> [Try it]: From the entries below, copy exactly the lines from the one that contains "Un sentiero che" through the one that contains "Selger 4 stk", both included, and only those.

Start of Material for this exercise

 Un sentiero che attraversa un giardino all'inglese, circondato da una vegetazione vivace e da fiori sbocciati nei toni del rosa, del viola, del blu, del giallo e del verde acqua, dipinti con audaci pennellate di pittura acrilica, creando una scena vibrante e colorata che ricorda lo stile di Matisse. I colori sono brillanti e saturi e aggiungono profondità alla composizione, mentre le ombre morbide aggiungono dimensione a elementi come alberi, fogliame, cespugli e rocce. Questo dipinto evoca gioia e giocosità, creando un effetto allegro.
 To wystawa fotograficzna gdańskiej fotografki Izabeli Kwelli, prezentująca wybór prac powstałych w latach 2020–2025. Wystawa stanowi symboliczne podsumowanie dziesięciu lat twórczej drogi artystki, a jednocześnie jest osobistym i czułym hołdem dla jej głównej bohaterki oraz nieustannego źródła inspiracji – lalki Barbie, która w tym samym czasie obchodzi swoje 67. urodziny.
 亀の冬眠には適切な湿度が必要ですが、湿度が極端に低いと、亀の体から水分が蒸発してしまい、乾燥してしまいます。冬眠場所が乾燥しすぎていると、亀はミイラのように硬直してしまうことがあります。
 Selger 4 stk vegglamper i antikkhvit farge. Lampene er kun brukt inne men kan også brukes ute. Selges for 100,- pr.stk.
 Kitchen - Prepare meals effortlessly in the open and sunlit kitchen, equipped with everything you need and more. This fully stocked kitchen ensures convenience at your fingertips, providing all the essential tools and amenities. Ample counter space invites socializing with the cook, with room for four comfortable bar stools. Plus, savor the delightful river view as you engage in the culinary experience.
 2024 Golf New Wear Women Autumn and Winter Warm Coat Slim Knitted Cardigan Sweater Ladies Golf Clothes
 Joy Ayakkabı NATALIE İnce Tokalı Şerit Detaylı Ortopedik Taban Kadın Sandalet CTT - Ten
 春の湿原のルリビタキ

End of Material for this exercise
Start of Material for this exercise

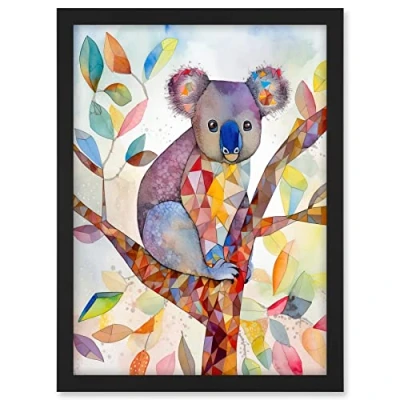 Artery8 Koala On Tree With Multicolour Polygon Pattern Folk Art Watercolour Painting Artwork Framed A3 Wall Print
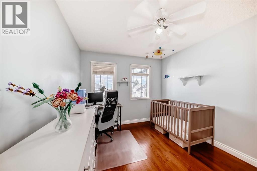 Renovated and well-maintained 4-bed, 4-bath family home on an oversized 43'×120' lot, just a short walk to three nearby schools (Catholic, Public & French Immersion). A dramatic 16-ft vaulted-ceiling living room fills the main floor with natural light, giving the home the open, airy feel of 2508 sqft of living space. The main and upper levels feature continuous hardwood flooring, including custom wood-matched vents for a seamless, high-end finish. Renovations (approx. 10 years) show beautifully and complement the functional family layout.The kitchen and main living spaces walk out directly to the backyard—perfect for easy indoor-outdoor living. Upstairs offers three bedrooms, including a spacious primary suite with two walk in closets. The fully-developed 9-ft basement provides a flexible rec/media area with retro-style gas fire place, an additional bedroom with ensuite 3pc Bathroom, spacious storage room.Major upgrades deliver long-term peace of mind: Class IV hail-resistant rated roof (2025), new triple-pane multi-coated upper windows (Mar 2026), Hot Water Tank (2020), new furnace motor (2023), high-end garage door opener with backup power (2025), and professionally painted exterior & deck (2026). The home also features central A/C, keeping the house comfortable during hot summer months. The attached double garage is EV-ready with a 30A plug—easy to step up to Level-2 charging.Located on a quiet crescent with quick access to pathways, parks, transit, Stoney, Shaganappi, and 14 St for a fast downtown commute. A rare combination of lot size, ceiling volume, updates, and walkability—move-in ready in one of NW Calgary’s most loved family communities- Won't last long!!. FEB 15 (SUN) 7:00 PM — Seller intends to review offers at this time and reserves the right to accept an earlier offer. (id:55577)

End of Material for this exercise

> [Solution for this task]:
 Un sentiero che attraversa un giardino all'inglese, circondato da una vegetazione vivace e da fiori sbocciati nei toni del rosa, del viola, del blu, del giallo e del verde acqua, dipinti con audaci pennellate di pittura acrilica, creando una scena vibrante e colorata che ricorda lo stile di Matisse. I colori sono brillanti e saturi e aggiungono profondità alla composizione, mentre le ombre morbide aggiungono dimensione a elementi come alberi, fogliame, cespugli e rocce. Questo dipinto evoca gioia e giocosità, creando un effetto allegro.
 To wystawa fotograficzna gdańskiej fotografki Izabeli Kwelli, prezentująca wybór prac powstałych w latach 2020–2025. Wystawa stanowi symboliczne podsumowanie dziesięciu lat twórczej drogi artystki, a jednocześnie jest osobistym i czułym hołdem dla jej głównej bohaterki oraz nieustannego źródła inspiracji – lalki Barbie, która w tym samym czasie obchodzi swoje 67. urodziny.
 亀の冬眠には適切な湿度が必要ですが、湿度が極端に低いと、亀の体から水分が蒸発してしまい、乾燥してしまいます。冬眠場所が乾燥しすぎていると、亀はミイラのように硬直してしまうことがあります。
 Selger 4 stk vegglamper i antikkhvit farge. Lampene er kun brukt inne men kan også brukes ute. Selges for 100,- pr.stk.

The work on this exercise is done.